After two postponements at the OB-GYN (some women just do not have the decency to have their labors at appropriate times) we found ourselves in the office at 7:30pm Friday night. We waited and waited. This is par for the course at our OB's. If you want the best OB in town you have to deal with the lines. I guess part of me is irritated that there are such waits, on the other hand, the fact that he was there late into the night seeing people says something about him.
By 11:30pm or so, we were eventually shown in. This was basically just an appointment for the ultrasound, so we did not spend a great deal of time doing much else, we were all exhausted. Whenever there is an ultrasound I get extremely nervous. It is like being tested for a terrible disease. You might not think about it at all until you get tested, then the possibility that you could have the disease looms large. I dread the possibility of some sign of something wrong, a malformed heart, curved spine, small placenta whatever. Thankfully, the ultrasound showed a healthy spine, brain, heart, stomach, placenta and cervix, all great news. That was the most important news to me. But I guess someone of you might be wondering if anything else was discovered.
Well after a perplexing journey through layers of our little baby (ultrasounds provide cross-sections through the body, it is pretty cool actually) we finally saw two fairly meaty thighs (for fetus only 7 inches long), and nestled between them was evidence that:
We are having a Boy!
So much for feminine intuition (Carly was sure it was a girl). This sparked a quick trip to the consignment sale to by some of the traditional blue clothes. It is almost impossible to avoid buying pink for girls and blue for boys, but have managed to find things in just about every other color through extensive searches.
We would have been happy either way. I think Carly is still in a little shock at the prospect. Having helped raise my little cousin Shelbyu, she felt relatively well prepared for raising a girl, but she is nervous about a boy. I imagine that it will not be very different. Apart from (certain clothing choices) we are trying to avoid imposing gender roles anymore than biology dictates. So I don't plan on any significant differences myself. But we shall see.

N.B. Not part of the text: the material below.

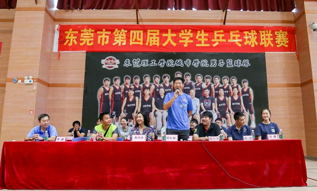 我院体育教学部主任邢红林教授致开幕词,指出大赛旨在加强东莞高校间的交流、互动,提高大学生乒乓球竞技水平,增强体质!

I do already notice one slight difference in my attitude. I feel somewhat more protective/fearful/stereotypically 'fatherly' of my daughter's sexuality and less worried about my son's. Granted both of these shouldn't be an issue for a few years. I don't plan to be the sort of father that brings a gun to the door when Sophie's dates show up, but I feel she is more at risk than a boy. Probably just social pressure. In any case, I want all my children to be self-confident and feel love, which I believe are the two most important things to encourage good choices with sexuality.
I guess I can put worry about that for a little bit, and concentrate on keeping her from chewing through power cords.
As to our expected... we are still working on a name (please do not offer suggestions, we find that choices that looked good a few monthes ago have grown stale so we want to keep things fresh).
I am interested in your thoughts about circumcision.
I am circumcised, and it seems to work fine for me. I am not sure what to do for an uncircumcised person. I know there is no real medical reason to do it. Normally I would reject a social reason for doing it, but I don't want to add any pressure on my son (still getting used to saying that). I don't even know what the norm is any more. So, I'd be interested to hear any arguments one way or the other.